■ **EXTRACTED ENTRIES**
● ● ● ● ●

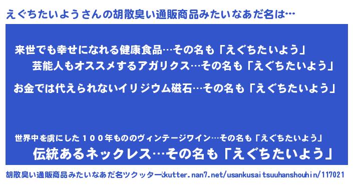 | ヘコむあだ名 | 『えぐちたいよう(爆)』『えぐっ子』 |
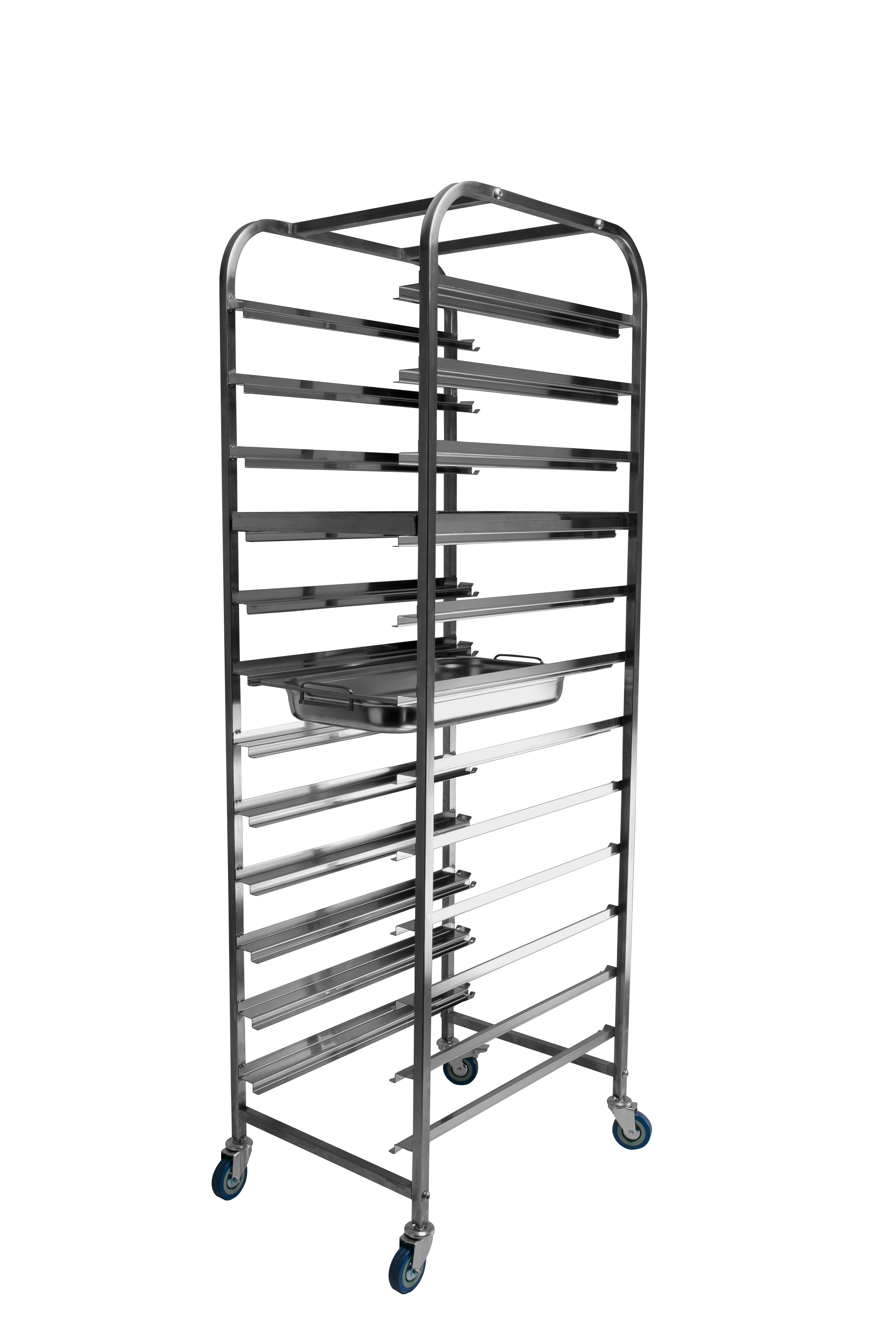 Тележка имеет 12 рядов направляющих для гастроемкостей с расстоянием между ними в 120 мм, что обеспечивает удобство загрузки по узкой стороне. Конструкция выполнена из высококачественной пищевой нержавеющей стали AISI 430 и состоит из двух стоек с приваренными направляющими и четырьмя перекладинами. Стойки изготовлены из квадратных труб.
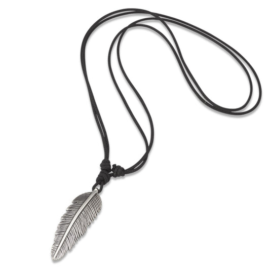 Halskæde med vedhæng Sølv, Tekstil patineret Fjer 40-80 cm
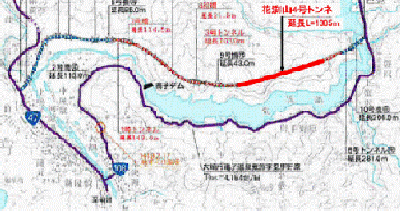 鳴子ダム(荒尾湖)東側の鳴子ダム事務所前を通るあの狭路を避け、湖の西側を開拓したということですね。昭和63年に着工し幾度もの苦労を重ねやっと完成です。
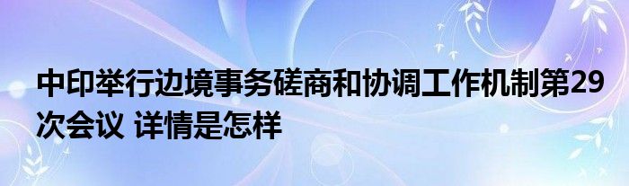 【中印举行边境事务磋商和协调工作机制第29次会议】大家可以一起来了解一下这是什么情况!
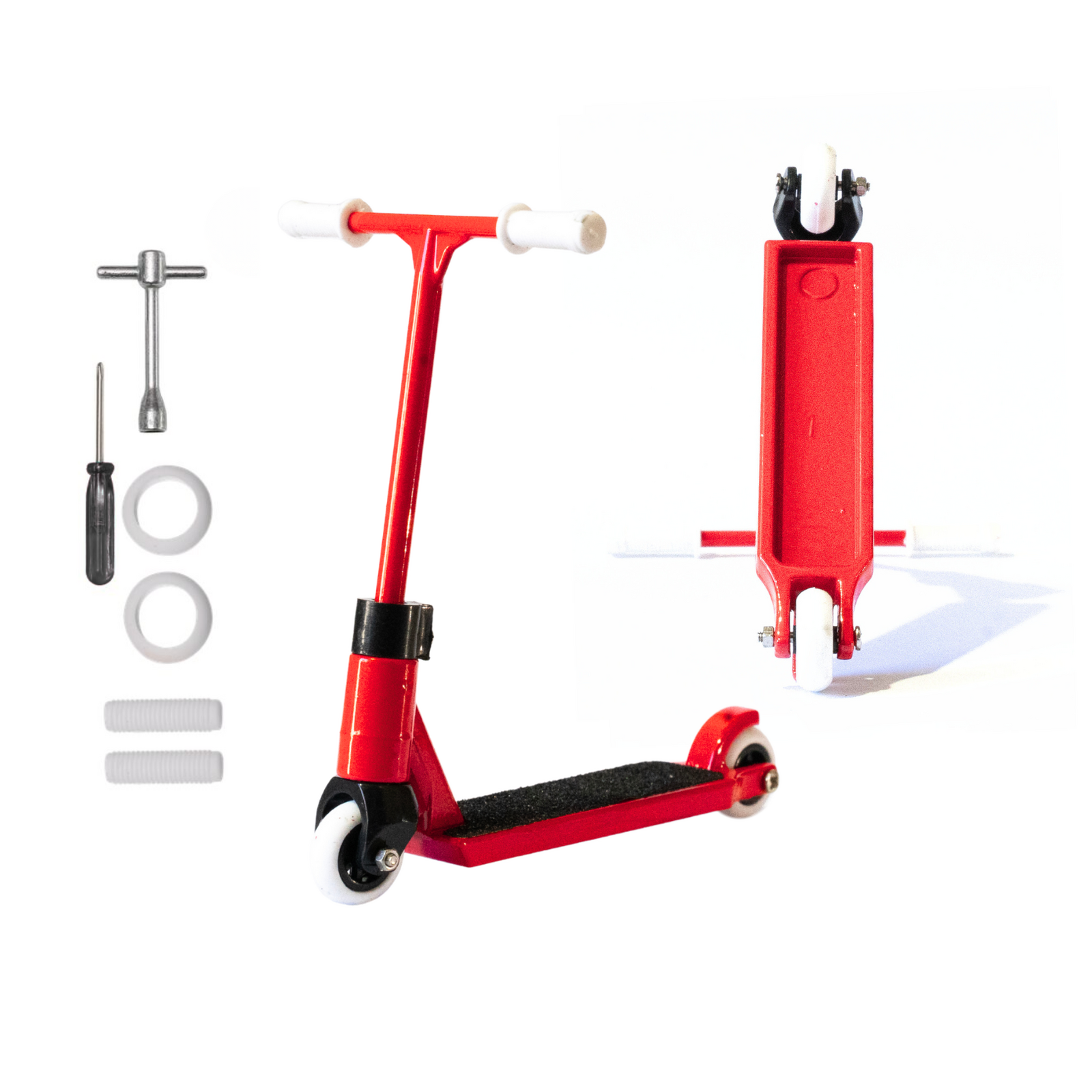 Dial in your tricks with the all-new SV Alloy Finger Scooters — built tough, lightweight, and ready for endless desk-park sessions. Available in 5 colours (Army, Red, Purple, Silver & Blue), each kit includes spare grips, tyres, and two multi-tools so you can keep your setup dialled and customise your ride your way.
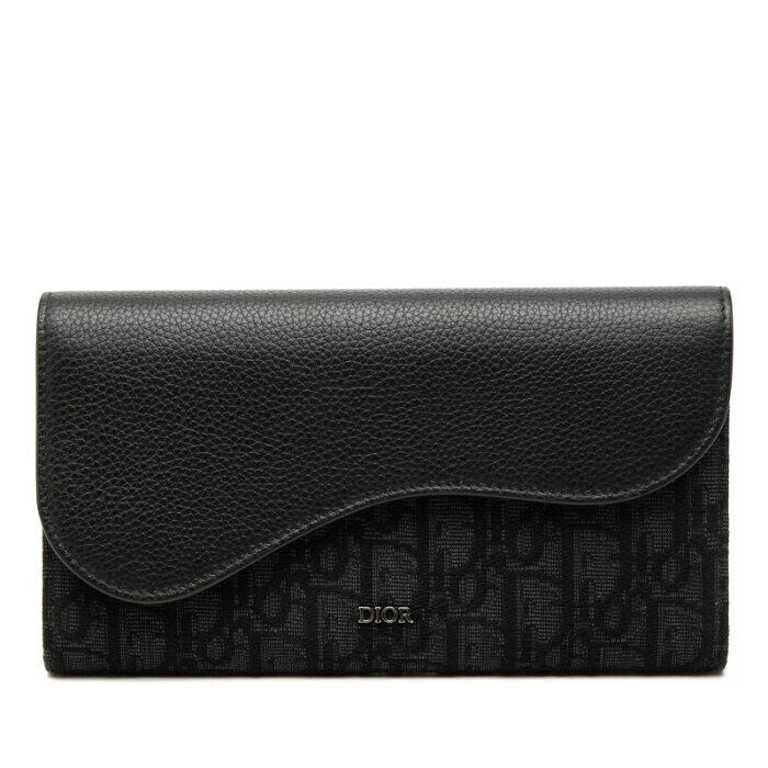 ディオール オブリーク サドル ロングウォレット 長財布 ブラック キャンバス レザー メンズ Dior 【中古】
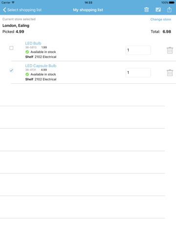 - Add products to a shopping list and check off your purchases when you are in the store.
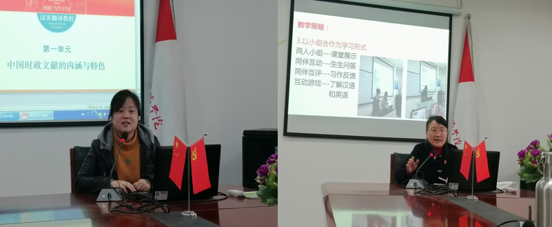 本次课程思政研讨会,支部刘晓霓、王君兰、顾君和刘海洋4位老师作为主发言人,对自己在英语教学中实施课程思政的教学策略、实施方式和存在的问题等进行了汇报和分享。刘晓霓老师对《理解当代中国汉译英翻译教程》第1单元“中国时政文献的内涵与特色”中的语言特色进行了深入分析,也提出了存在的问题和需要改进的措施:翻译案例多、语篇长、难度较大,如何提高趣味性、吸引学生投入翻译实践从而提升课程思政的成效?王君兰老师以《综合英语2》和《英语写作1》为例,介绍了课程思政的教学策略和实践情况,并反思了课程思政的教学成效,提出教师首先应该不断完善自身思想修养,提升专业水平和教学能力,同时应积极探索和实践,不断拓展课程思政建设方法和途径,提高课程思政内涵融入课堂教学的水平。顾君老师对《世界文明史》课程思政进项了分享, 强调就教学方法而言世界文明史课程中的思政,就基本教学形态来说是显性教育。任课教师在改进和创新显性教育方法的同时,应积极发展隐性教育,使显性教育与隐性教育相互补充、有机统一,把政治认同、国家意识、文化自信、人格养成等思想政治教育导向与固有的知识、技能传授有机融合。刘海洋老师对《英语报刊选读》课程思政的实施进行了分享,通过线上线下多渠道将思政元素融入教学内容,发挥课程的浸润作用,在提升学生英语技能的同时培养学生树立正确的世界观、人生观和价值观,培养学生中外文明沟通互鉴和传播中国文化的能力。
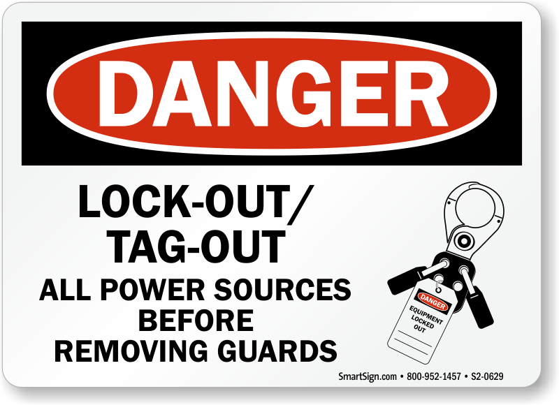 OSHA Danger Sign: Lock-out/ Tag-out All Power Sources Before Removing Guards (With Graphic) S2-0629
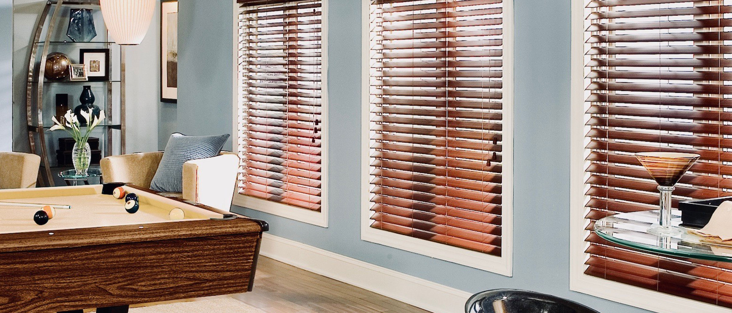Wood blinds are a natural and durable option.The classic elegance of both paint-based and rich wood stains add to the warmth and beauty of wood to any room.
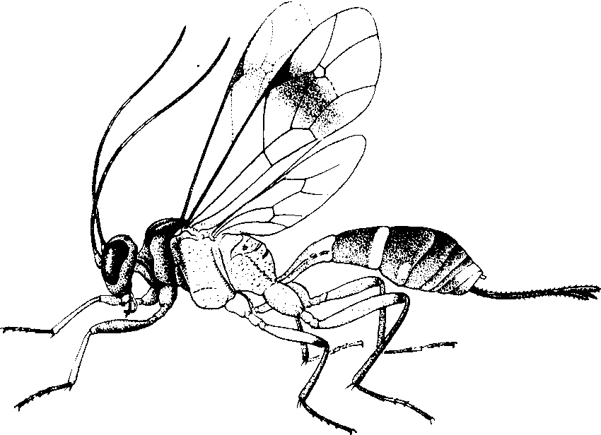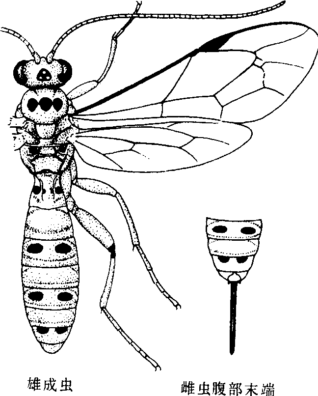 图1 广黑点瘤姬蜂 横带驼姬蜂 学名Goryphus basilaris Holmgren。沟姬蜂亚科。体长7~10毫米。体具黑、赤、白三色。头部、前胸和中胸至翅基片水平处黑色,胸部的其余部分赤色。腹部第一节背板赤色,雌性第一、二节背板后缘和第七节背板白,有时第三节背板两侧还有一白斑;雄性第一至三节背板后缘和第七节背板白,其余黑色。前翅在翅痣下方黑褐色,呈一条较阔横纹(图2)。广布湖北、四川以南各省。单寄生于鳞翅目(如二)化螟、稻纵卷叶螟、稻苞虫、马尾松毛虫、菜粉蝶等)的蛹,亦可寄生于广黑点瘤姬蜂而为重寄生物。
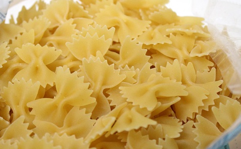 나비 모양 또는 나비 넥타이 모양을 한 파스타 면이며 이탈리아어로 나비를 뜻한다고 합니다. 또한 양쪽은 톱니 모양과 중앙부분이 식감의 특징이며 샐러드나 크림소스와 잘 어울린다고 합니다.

● ● ● ● ●

■ **INSTRUCTIONS TO FOLLOW**
Images stay out, but the rest of the records must be retyped exactly.

■ **RESPONSE FOR THIS EXERCISE**
 | ヘコむあだ名 | 『えぐちたいよう(爆)』『えぐっ子』 |
 Тележка имеет 12 рядов направляющих для гастроемкостей с расстоянием между ними в 120 мм, что обеспечивает удобство загрузки по узкой стороне. Конструкция выполнена из высококачественной пищевой нержавеющей стали AISI 430 и состоит из двух стоек с приваренными направляющими и четырьмя перекладинами. Стойки изготовлены из квадратных труб.
 Halskæde med vedhæng Sølv, Tekstil patineret Fjer 40-80 cm
 鳴子ダム(荒尾湖)東側の鳴子ダム事務所前を通るあの狭路を避け、湖の西側を開拓したということですね。昭和63年に着工し幾度もの苦労を重ねやっと完成です。
 【中印举行边境事务磋商和协调工作机制第29次会议】大家可以一起来了解一下这是什么情况!
 Dial in your tricks with the all-new SV Alloy Finger Scooters — built tough, lightweight, and ready for endless desk-park sessions. Available in 5 colours (Army, Red, Purple, Silver & Blue), each kit includes spare grips, tyres, and two multi-tools so you can keep your setup dialled and customise your ride your way.
 ディオール オブリーク サドル ロングウォレット 長財布 ブラック キャンバス レザー メンズ Dior 【中古】
 - Add products to a shopping list and check off your purchases when you are in the store.
 本次课程思政研讨会,支部刘晓霓、王君兰、顾君和刘海洋4位老师作为主发言人,对自己在英语教学中实施课程思政的教学策略、实施方式和存在的问题等进行了汇报和分享。刘晓霓老师对《理解当代中国汉译英翻译教程》第1单元“中国时政文献的内涵与特色”中的语言特色进行了深入分析,也提出了存在的问题和需要改进的措施:翻译案例多、语篇长、难度较大,如何提高趣味性、吸引学生投入翻译实践从而提升课程思政的成效?王君兰老师以《综合英语2》和《英语写作1》为例,介绍了课程思政的教学策略和实践情况,并反思了课程思政的教学成效,提出教师首先应该不断完善自身思想修养,提升专业水平和教学能力,同时应积极探索和实践,不断拓展课程思政建设方法和途径,提高课程思政内涵融入课堂教学的水平。顾君老师对《世界文明史》课程思政进项了分享, 强调就教学方法而言世界文明史课程中的思政,就基本教学形态来说是显性教育。任课教师在改进和创新显性教育方法的同时,应积极发展隐性教育,使显性教育与隐性教育相互补充、有机统一,把政治认同、国家意识、文化自信、人格养成等思想政治教育导向与固有的知识、技能传授有机融合。刘海洋老师对《英语报刊选读》课程思政的实施进行了分享,通过线上线下多渠道将思政元素融入教学内容,发挥课程的浸润作用,在提升学生英语技能的同时培养学生树立正确的世界观、人生观和价值观,培养学生中外文明沟通互鉴和传播中国文化的能力。
 OSHA Danger Sign: Lock-out/ Tag-out All Power Sources Before Removing Guards (With Graphic) S2-0629
Wood blinds are a natural and durable option.The classic elegance of both paint-based and rich wood stains add to the warmth and beauty of wood to any room.
 图1 广黑点瘤姬蜂 横带驼姬蜂 学名Goryphus basilaris Holmgren。沟姬蜂亚科。体长7~10毫米。体具黑、赤、白三色。头部、前胸和中胸至翅基片水平处黑色,胸部的其余部分赤色。腹部第一节背板赤色,雌性第一、二节背板后缘和第七节背板白,有时第三节背板两侧还有一白斑;雄性第一至三节背板后缘和第七节背板白,其余黑色。前翅在翅痣下方黑褐色,呈一条较阔横纹(图2)。广布湖北、四川以南各省。单寄生于鳞翅目(如二)化螟、稻纵卷叶螟、稻苞虫、马尾松毛虫、菜粉蝶等)的蛹,亦可寄生于广黑点瘤姬蜂而为重寄生物。
 나비 모양 또는 나비 넥타이 모양을 한 파스타 면이며 이탈리아어로 나비를 뜻한다고 합니다. 또한 양쪽은 톱니 모양과 중앙부분이 식감의 특징이며 샐러드나 크림소스와 잘 어울린다고 합니다.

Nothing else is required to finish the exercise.